The sharing, or peer-to-peer economy, has been all the buzz recently as numerous startups have sprung up in the wake of Uber and AirBnB. In the peer-to-peer economy, a company serves as an intermediary and coordinates transactions or creates a marketplace in which direct transactions between individuals can occur. For example, Uber pairs independent drivers with individual passengers, and AirBnB creates a marketplace for property owners to offer short-term rentals to potential guests who would otherwise book a hotel room. There are now hundreds of start-ups seeking to exploit this growing market and make the lives of consumers more convenient across many different aspects of daily living.

The peer-to-peer economy definitely has many positive attributes for the users and patrons of these platforms. There are, however, some important downsides to the peer-to-peer economy.

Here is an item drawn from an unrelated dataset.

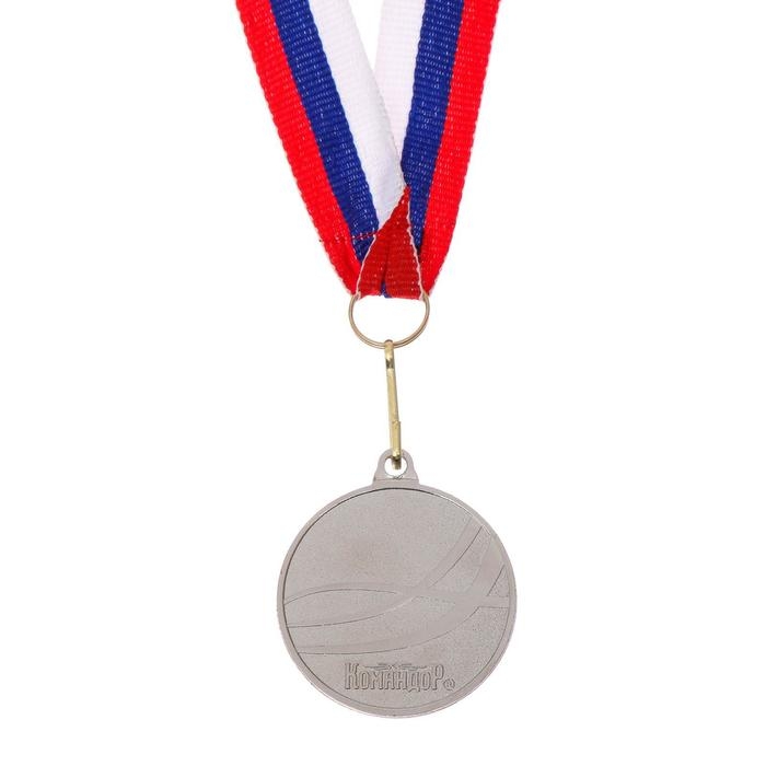 Медаль призовая 079, d= 6 см. 2 место. Цвет серебро. С лентой

Disruption To Existing Industries

Much of the pushback against peer-to-peer economy companies has been from the traditional industries that they seek to dislodge. The taxi and livery industry feels threatened by Uber, Lyft and other ride-sharing services, and the hotels and lodging industry feel similar pressure from companies like AirBnB and HomeAway, Inc. (AWAY).

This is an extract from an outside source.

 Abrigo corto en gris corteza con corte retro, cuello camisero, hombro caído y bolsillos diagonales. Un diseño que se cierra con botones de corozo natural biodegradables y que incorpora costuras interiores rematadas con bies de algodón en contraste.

Some of the arguments these groups make against the peer-to-peer economy is that private drivers or privately owned residences may not conform to existing regulation or pay the required licenses or taxes. Taxi drivers, for example, carry extra insurance and liability coverage in case they injure their passengers in an accident. Additionally, in most cities they must purchase or lease a medallion, which gives them license to conduct business legally. If regulators bend to increasing pressure to allow peer-to-peer economy services to operate freely, these industries could find themselves in financial trouble as many patrons will look elsewhere for better deals or a more unique travel experience.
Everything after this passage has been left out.